When you copy from the entries that follow, take only the lines from the one with "オニキス&キャッツアイ(パープル) パワーストーン ブレスレット" down to the one with "Illustrationen viser hvad", keeping both ends and dropping every picture.

*** Exercise material Section Begins ***

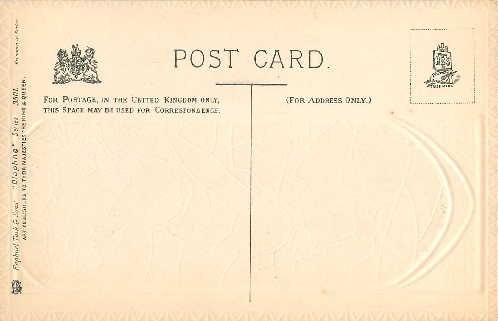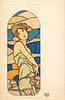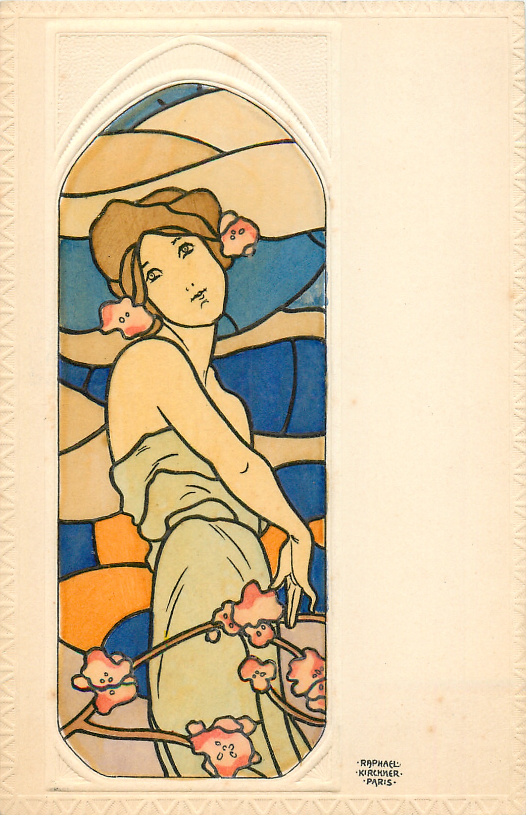 vitraux d'art' celluloid type finish giving glass window effect. Lady looking front over right shoulder, right hand in front of her
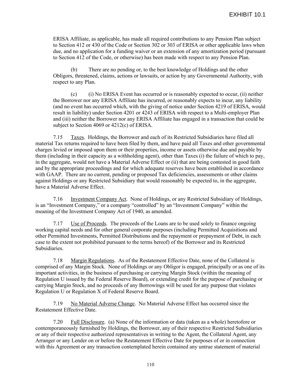 ERISA Affiliate, as applicable, has made all required contributions to any Pension Plan subject to Section 412 or 430 of the Code or Section 302 or 303 of ERISA or other applicable laws when due, and no application for a funding waiver or an extension of any amortization period (pursuant to Section 412 of the Code, or otherwise) has been made with respect to any Pension Plan. (b) There are no pending or, to the best knowledge of Holdings and the other Obligors, threatened, claims, actions or lawsuits, or action by any Governmental Authority, with respect to any Plan. (c) (i) No ERISA Event has occurred or is reasonably expected to occur, (ii) neither the Borrower nor any ERISA Affiliate has incurred, or reasonably expects to incur, any liability (and no event has occurred which, with the giving of notice under Section 4219 of ERISA, would result in liability) under Section 4201 or 4243 of ERISA with respect to a Multi-employer Plan and (iii) neither the Borrower nor any ERISA Affiliate has engaged in a transaction that could be subject to Section 4069 or 4212(c) of ERISA. 7.15 Taxes. Holdings, the Borrower and each of its Restricted Subsidiaries have filed all material Tax returns required to have been filed by them, and have paid all Taxes and other governmental charges levied or imposed upon them or their properties, income or assets otherwise due and payable by them (including in their capacity as a withholding agent), other than Taxes (i) the failure of which to pay, in the aggregate, would not have a Material Adverse Effect or (ii) that are being contested in good faith and by the appropriate proceedings and for which adequate reserves have been established in accordance with GAAP. There are no current, pending or proposed Tax deficiencies, assessments or other claims against Holdings or any Restricted Subsidiary that would reasonably be expected to, in the aggregate, have a Material Adverse Effect. 7.16 Investment Company Act. None of Holdings, or any Restricted Subsidiary of Holdings, is an “Investment Company,” or a company “controlled” by an “Investment Company” within the meaning of the Investment Company Act of 1940, as amended. 7.17 Use of Proceeds. The proceeds of the Loans are to be used solely to finance ongoing working capital needs and for other general corporate purposes (including Permitted Acquisitions and other Permitted Investments, Permitted Distributions and the repayment or prepayment of Debt, in each case to the extent not prohibited pursuant to the terms hereof) of the Borrower and its Restricted Subsidiaries. 7.18 Margin Regulations. As of the Restatement Effective Date, none of the Collateral is comprised of any Margin Stock. None of Holdings or any Obligor is engaged, principally or as one of its important activities, in the business of purchasing or carrying Margin Stock (within the meaning of Regulation U issued by the Federal Reserve Board), or extending credit for the purpose of purchasing or carrying Margin Stock, and no proceeds of any Borrowings will be used for any purpose that violates Regulation U or Regulation X of Federal Reserve Board. 7.19 No Material Adverse Change. No Material Adverse Effect has occurred since the Restatement Effective Date. 7.20 Full Disclosure. (a) None of the information or data (taken as a whole) heretofore or contemporaneously furnished by Holdings, the Borrower, any of their respective Restricted Subsidiaries or any of their respective authorized representatives in writing to the Agent, the Collateral Agent, any Arranger or any Lender on or before the Restatement Effective Date for purposes of or in connection with this Agreement or any transaction contemplated herein contained any untrue statement of material 110 EXHIBIT 10.1
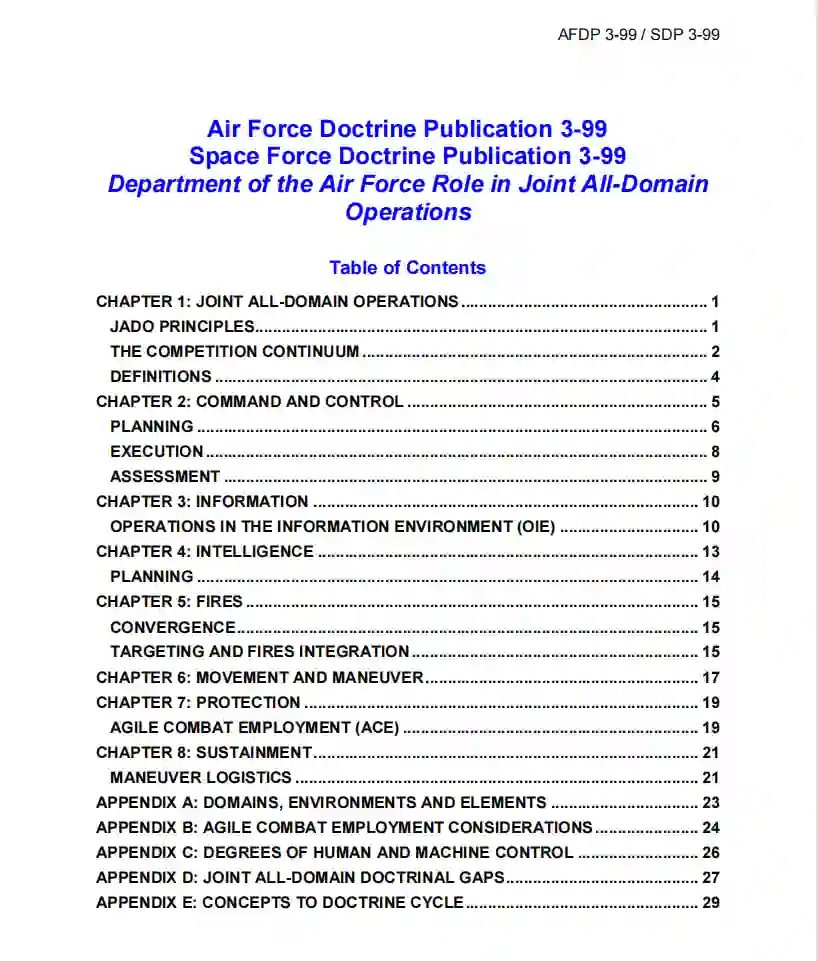 本理论出版物为支持联合全域作战(JADO)的空中和空间部分建立了一个框架。该框架将JADO的愿景与基于作战经验的近期实践方法以及经过战斗检验的作战规划、执行和评估过程结合起来。该出版物指导空军部(DAF)组织和使用提交给联合部队指挥官(JFC)的全部力量和能力。实验、兵棋推演和演习继续完善JADO原则。本出版物的作用,作为新兴的理论,在附录E中有所描述。
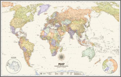 Политическая карта мира в английском стиле является замечательным образцом картографического искусства. Её особые черты - океаны цвета слоновой кости, яркие краски, черная строгая окантовка в сочетании с очень подробной географической информацией делают карту неповторимой.
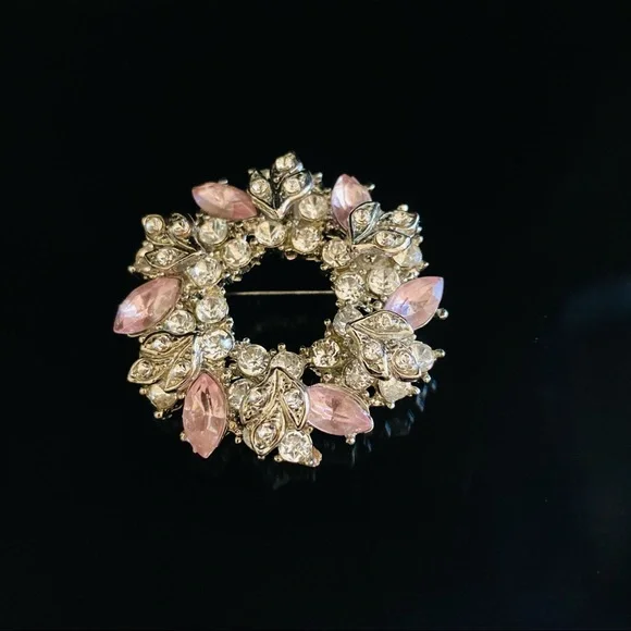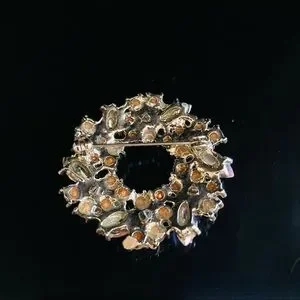 Retro Wreath Rhinestone Brooch, Rhodium Plated Preloved Good Condition Measurements: 1.5” diameter
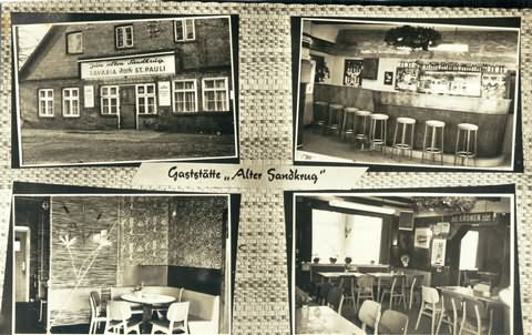 Halstenbek, Krupunder, Altonaer Straße, Gaststätte "Alter Sandkrug", Dieser Gasthof war über 200 Jahre im Besitz der Familie Krohn und lag ursprünglich auf Rellinger Gebiet und kam erst 1893 nach einer Grenzregulierung an Halstenbek. Auf das Anwesen wurden insgesamt 3 Brandanschläge verübt: 31. Mai 1964, 30.September 1964 sowie am 14.März 1966, der letzte endete mit dem Totalverlust. Herkunft:Sammlung Michael
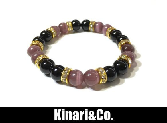 オニキス&キャッツアイ(パープル) パワーストーン ブレスレット (ゴールド)レディース 女性 数珠ブレス 開運 プレゼント ギフト
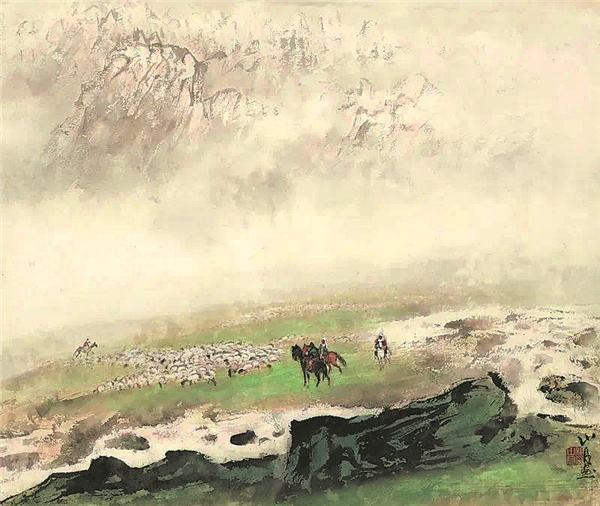He first visited the region in the early 1940s, when the outbreak of the War of Resistance Against Japanese Aggression (1931-45) forced many to flee to southwestern China. Among the refugees were artists who journeyed even further westward to areas inhabited by a variety of ethnic groups, where they captured enthralling landscapes and cultures. Great Bells Beyond the Great Wall, a long-term exhibition ongoing at the Xinjiang Art Museum, in Urumqi, Xinjiang Uygur autonomous region, reviews Guan's westward voyage, during which he painted the northwest and its people, and copied the murals at the Mogao Caves in Dunhuang, Gansu province.
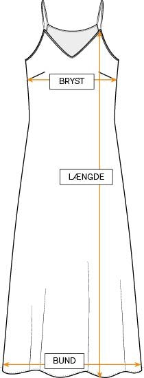 Illustrationen viser hvad denne style måler liggende fladt. For at finde den rigtige størrelse til dig, kan du evt. sammenligne disse mål med en lignende style i din garderobe som passer dig godt. Der kan være små udsving i målene på grund af produktionsprocessen.
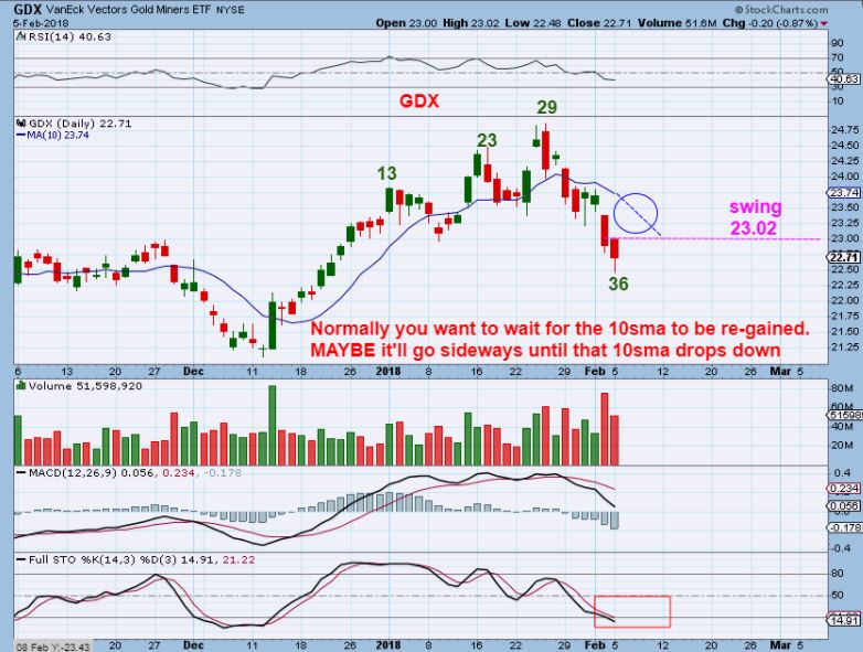 GDXJ – At the open I posted this just to show what I was watching for and hoping for. This small drop at the open gives us a new lower low, and this eases the parameters for a swing low. The 10sma is way up there, so it will be hard to wait for a confirmed swing low. Maybe a close above the 50sma would allow a buy with a stop. Next chart…
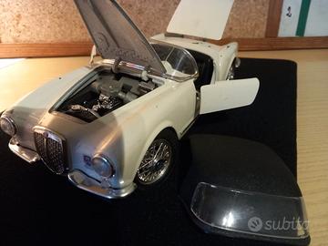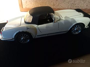 Modello in metallo di Lancia Aurelia 24 Spider del 1955, scala 1:18, marca Burago. Colore bianco crema, con portiere apribili, ruote anteriori sterzanti, alloggiamento motore anteriore apribile cofano posteriore apribile. In discreto stato come da foto (alcune parti di verniciatura scrostate). Possibilità di ritiro anche di persona a Napoli zona Carlo III°. Si precisa, onde evitare fraintendimenti, I’ articolo è USATO anche se in buone condizioni, per tale motivo non vengono venduti a prezzi (molto più alti e verificabili in rete) da modelli da collezione perfetti e nuovi. È normale aspettarsi qualche piccolo dettaglio (mancanza di un tergicristallo oppure uno specchietto retrovisore, qualche imperfezione nella carrozzeria ecc..) Per evitare problemi sono state fatte accurate foto da cui è possibile vedere lo stato dell’articolo. Qualche difformità è segnalata anche nella descrizione. Guardate BENE le foto e poi dichiarate il Vs, interesse. Grazie
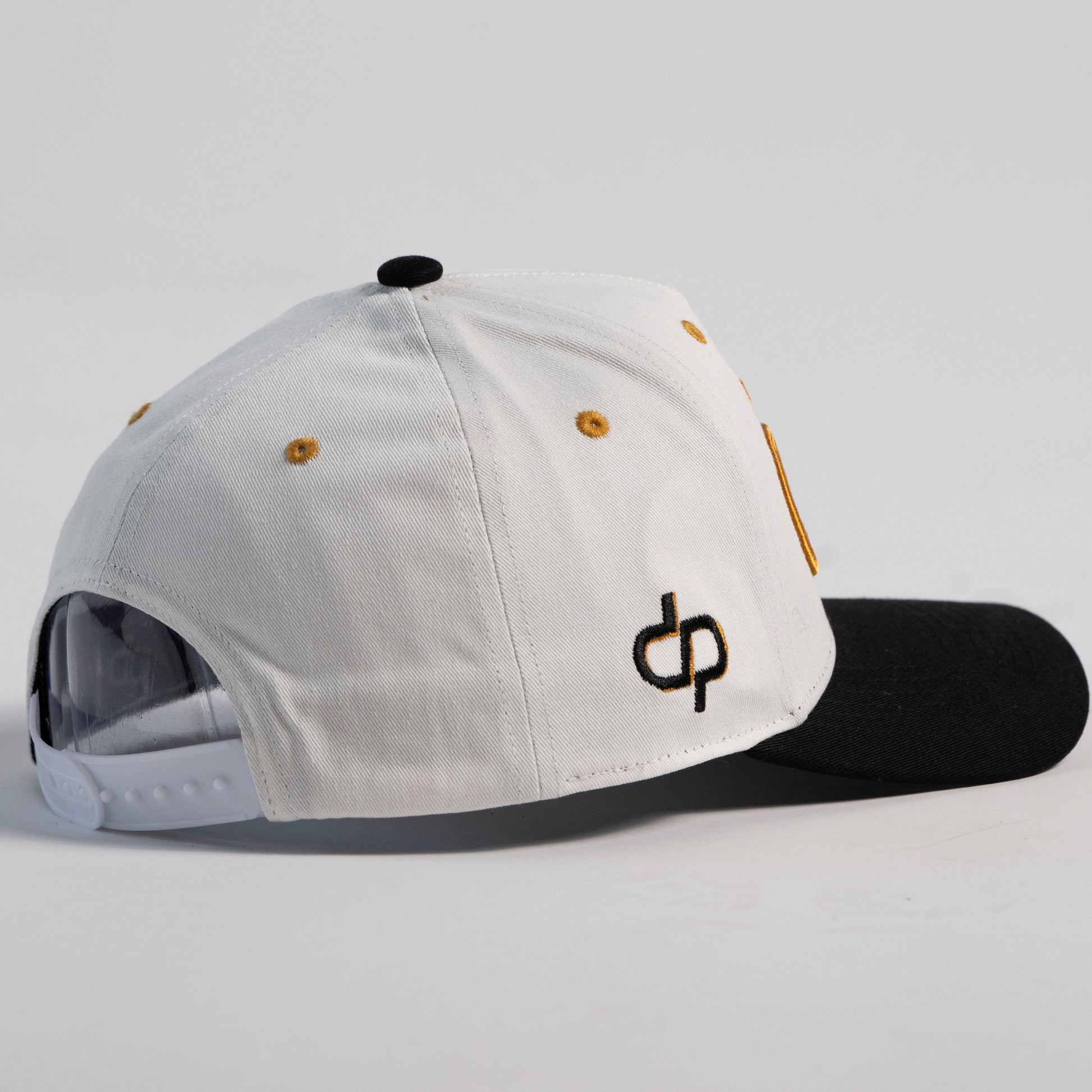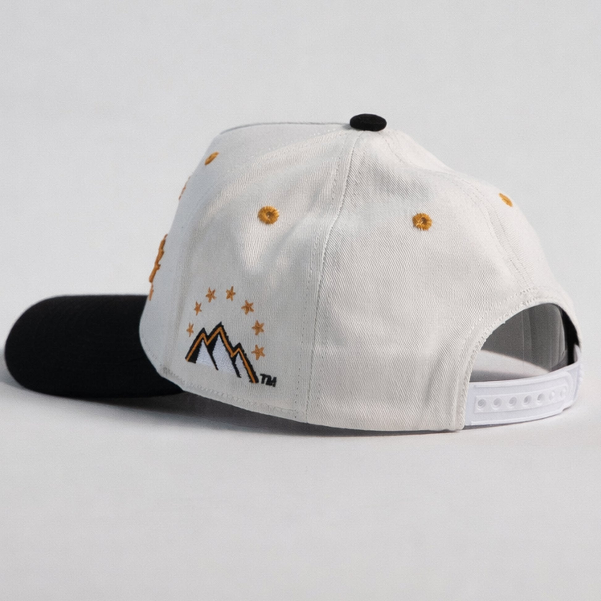 • Color: Off-white crown with black brim and black, gold, and white embroidery accents
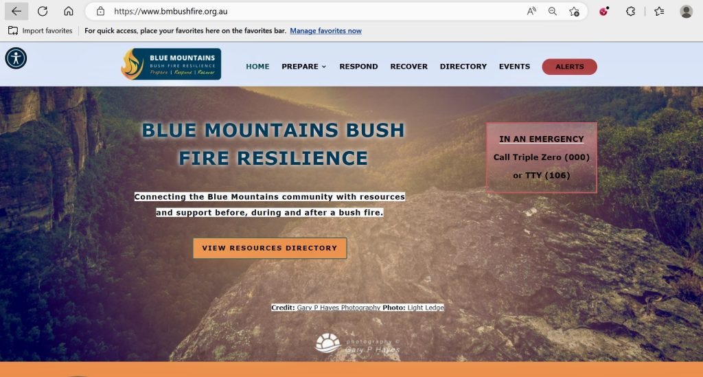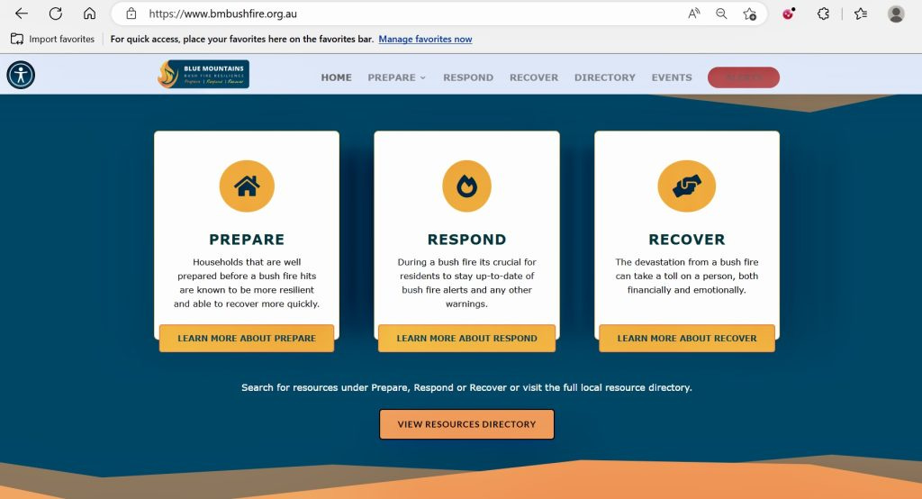 “It’s very difficult to navigate all that information that’s out there. You can be taken off onto a tangent very easily when you go from website link to website link. The whole purpose of the Blue Mountains Bush Fire Resilience website is to create a directory of curated resources. Rather than providing thousands of links, we have selected a smaller set of resources that we think suit our Blue Mountains region best.”
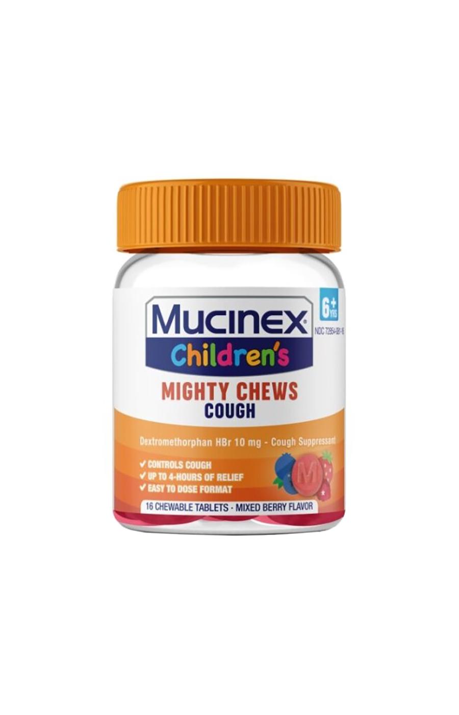 Introducing new Mucinex Children's Mighty Chews - the first and only medicated cough relief chewable tablets* made with kids in mind. These kid-friendly mixed berry flavored tablets are convenient, fuss-free, and perfect for on-the-go cough relief. Mighty Chews are easy-to-dose and easy-to-take so you can say goodbye to measuring cups and messy cough syrups. Just one dose provides up to 4 hours of cough relief.
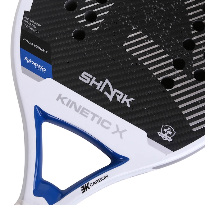 -O Sistema Shark Kinetic consiste em microesferas (Massa Cinética) contidas em cápsulas que são embutidas no aro da raquete. À medida que a raquete se move em preparação para a batida, o Sistema Kinetic armazena energia cinética na Massa Cinética. À medida que o aro da raquete acelera, as esferas de massa Kinetic se reúnem nas paredes da cápsula do lado oposto à bola.

*** Exercise material Section Ends ***

*Result of this exercise*:
 オニキス&キャッツアイ(パープル) パワーストーン ブレスレット (ゴールド)レディース 女性 数珠ブレス 開運 プレゼント ギフト
He first visited the region in the early 1940s, when the outbreak of the War of Resistance Against Japanese Aggression (1931-45) forced many to flee to southwestern China. Among the refugees were artists who journeyed even further westward to areas inhabited by a variety of ethnic groups, where they captured enthralling landscapes and cultures. Great Bells Beyond the Great Wall, a long-term exhibition ongoing at the Xinjiang Art Museum, in Urumqi, Xinjiang Uygur autonomous region, reviews Guan's westward voyage, during which he painted the northwest and its people, and copied the murals at the Mogao Caves in Dunhuang, Gansu province.
 Illustrationen viser hvad denne style måler liggende fladt. For at finde den rigtige størrelse til dig, kan du evt. sammenligne disse mål med en lignende style i din garderobe som passer dig godt. Der kan være små udsving i målene på grund af produktionsprocessen.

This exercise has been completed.